Dear Straight Dope:
I asked my college professor whether or not the concept of Frankenstein's monster was possible. He gave me some lame answer about enzymes. But doesn't the human body work on electricty? Why can't pieces of people be assembled and jolted back to life? Doesn't DNA last forever, so couldn't it be reused to make someone new? Please give me the straight dope. Was Dr. Frankenstein ahead of his time or did Mary Shelley just have a real good imagination?
Son of Dex replies:
Neither, really. Mary Shelley’s science isn’t much more than ill humours and leeches. There’s no explanation of how the good doctor accomplishes his task. There’s no lightning, there’s no sewing, there’s no grave-robbing. Shelley goes out of her way to avoid telling us how dead tissue can be reanimated. Dr. Frankenstein says he won’t tell because he’s afraid others will follow in his folly. Mary Shelley probably didn’t tell ’cause she just couldn’t come up with anything. There is an implication that pieces of bodies were utilized in some fashion (references to "dissecting rooms" and "slaughterhouses") but there’s nothing explicit. As near as I can tell, the lightning thing is just a creation of Hollywood. As, I might add, is Igor, and what’s a Frankenstein film without him?
Now to the meat of the question, as it were. Can modern science reanimate dead tissue?
Well, no, obviously. Otherwise we’d be doing it all the time.
But is it, conceptually, possible? Probably not. The body doesn’t really work on electricity. It mostly works on chemical energy, generated by enzymes in the process of breaking down sugars. Nerve cells manage to transmit messages across the body via electrical impulses, which is probably what you’re thinking of.
Now, there has been some success in bringing dead people back to life by shocking them (and Larry Flynt might back me up on that). This is more or less what defibrillation is. But it works only in limited circumstances.
In a normally functioning heart, electrical impulses cascade across the muscle cells, telling them when to contract. If something screws that up, you could have half your heart pushing and half your heart pulling, and that’s bad. Or you could have none of your heart doing anything, and that’s worse. However, a well-controlled shock, compliments of a defibrillator, can start the nerve impulses going in their natural rhythm again, and the ol’ ticker just keeps on going.

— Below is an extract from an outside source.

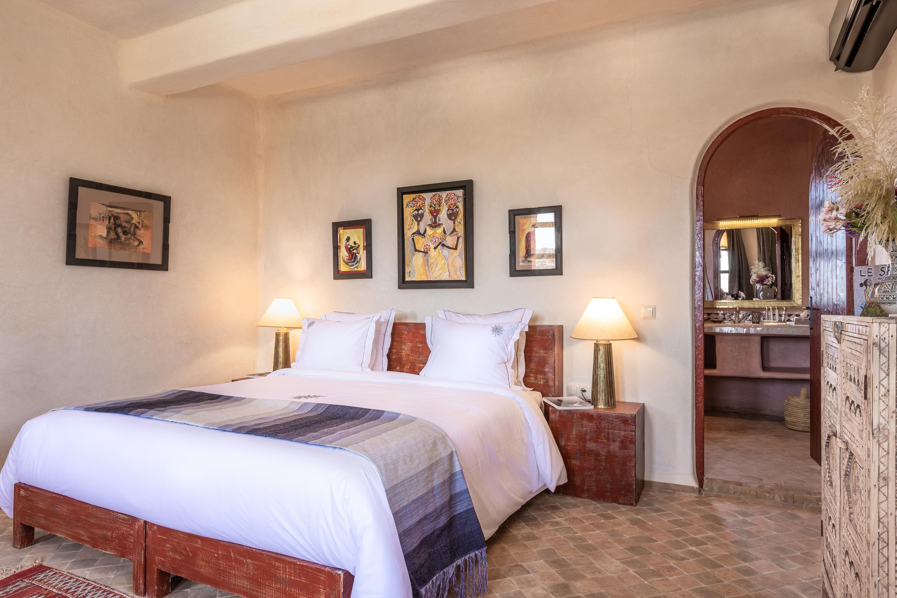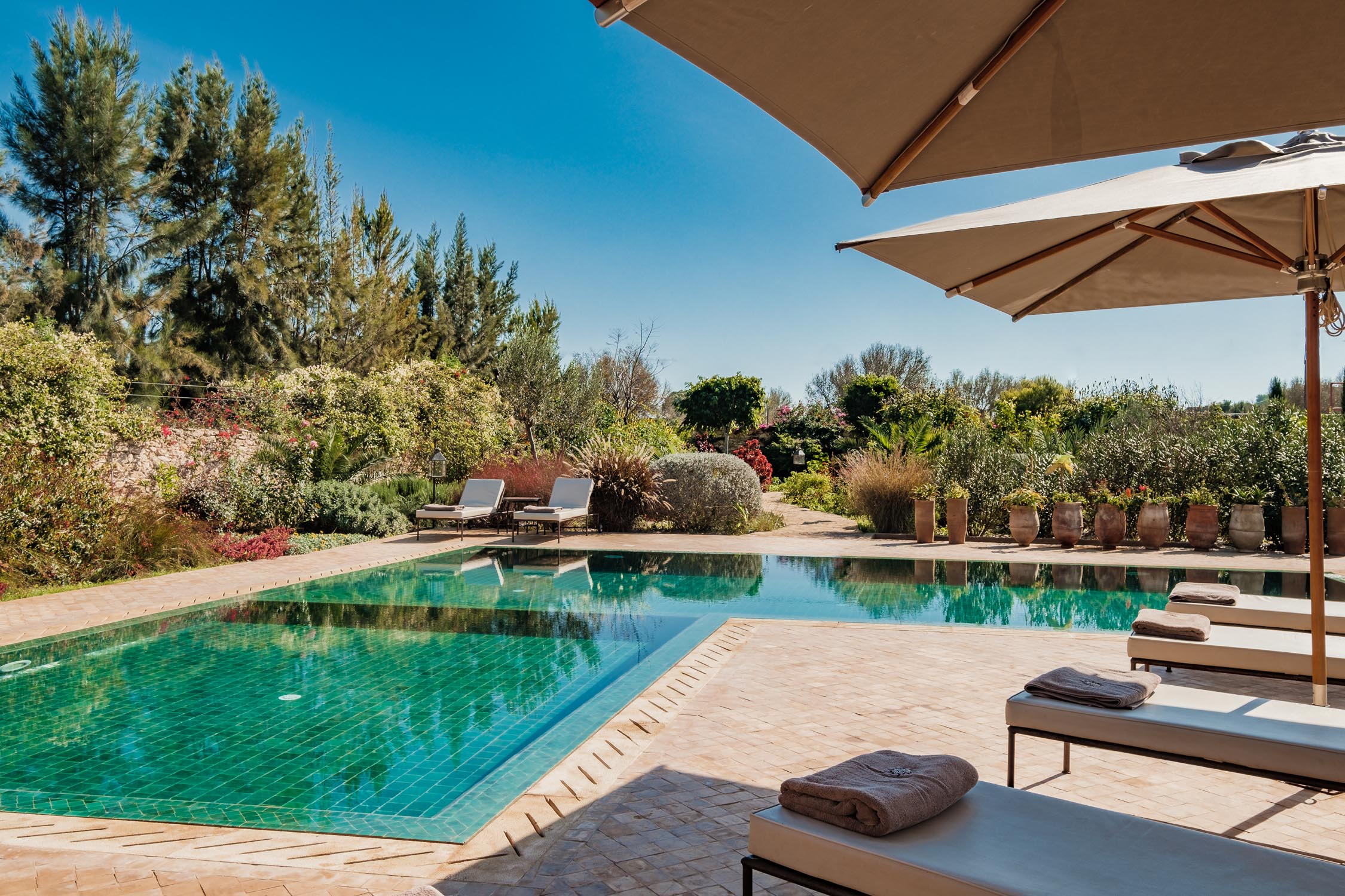 Six grandes villas (de 200 à 500m2), établies à l’entrée du domaine, accueillent les familles et les tribus dans un raffinement et une intimité absolue. Dotée de trois chambres avec chacune leur salle de bains, la Villa Jasmin peut recevoir jusqu’à 9 personnes souhaitant allier indépendance et service hôtelier. Une gouvernante, présente chaque jour, prépare le petit-déjeuner et autres repas à la demande. Entourée d’un jardin paysager, chaque villa dispose de sa piscine chauffée. Un autre moyen de vivre pleinement l'expérience du Jardin des Douars, de manière totalement exclusive...
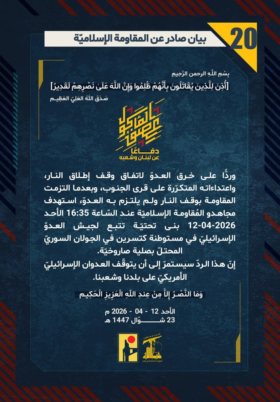 المقاومة الإسلامية بيان رقم (20): استهدفنا بنى تحتيّة تتبع لجيش العدوّ "الإسرائيليّ" في مستوطنة كتسرين في الجولان السوريّ المحتلّ بصلية صاروخيّة

But defibrillation only works on recently "dead" people. Once the body starts to decompose, you’ve got bigger problems. You see, those precious enzymes your teacher was going on about are the body’s workers, the proletariat if you will. These enzymes are made and regulated by DNA, the biochemical bourgeois. Without the DNA, the body can’t run too long. For further proof of this, witness the fate of the former Soviet Union.
Contrary to your statement, DNA isn’t eternal. There are certain types of enzymes in the body, called DNAases, that chop DNA up into little tiny bits. They defend the body against inappropriate DNA activities. Your DNA is usually kept safe inside the nucleus of the cell (think of it as the Bastille), where there are no DNAases. But maintaining that sort of barrier takes energy, which your cells get from sugar. And they get sugar from your blood, which gets to your cells ’cause your heart pumps it there.
Starting to get the picture? You die, heart stops, blood flow stops, cells run out of energy, and things fall apart. The walls of the Bastille come tumbling down, and in come the DNAases, with pitchforks and torches, and they lynch your DNA, chopping it up into tiny bits. This is also why you aren’t going to visit Jurassic Park any time soon.
Now, these bits of DNA then stick around for quite some time, which is probably what you mean when you say that DNA lasts forever. But chunks of DNA are no good for making and regulating enzymes. We can still analyze long dead DNA, ”cause DNA analysis requires chopping the DNA up anyway. But trying to run a cell with it don’t work so good. Imagine if we had Marie Antionette’s head on one side and her body on the other. We could tell exactly what she looked like, but let’s just say she wouldn’t be feeding anyone cake.
So, in short, it’ll take more than a good bolt of lightning to reanimate dead tissue. Which is probably for the best. After all, Dr. Frankenstein paid a steep price for messing with the natural order of things–and he never saw a cent from the movie deals, either.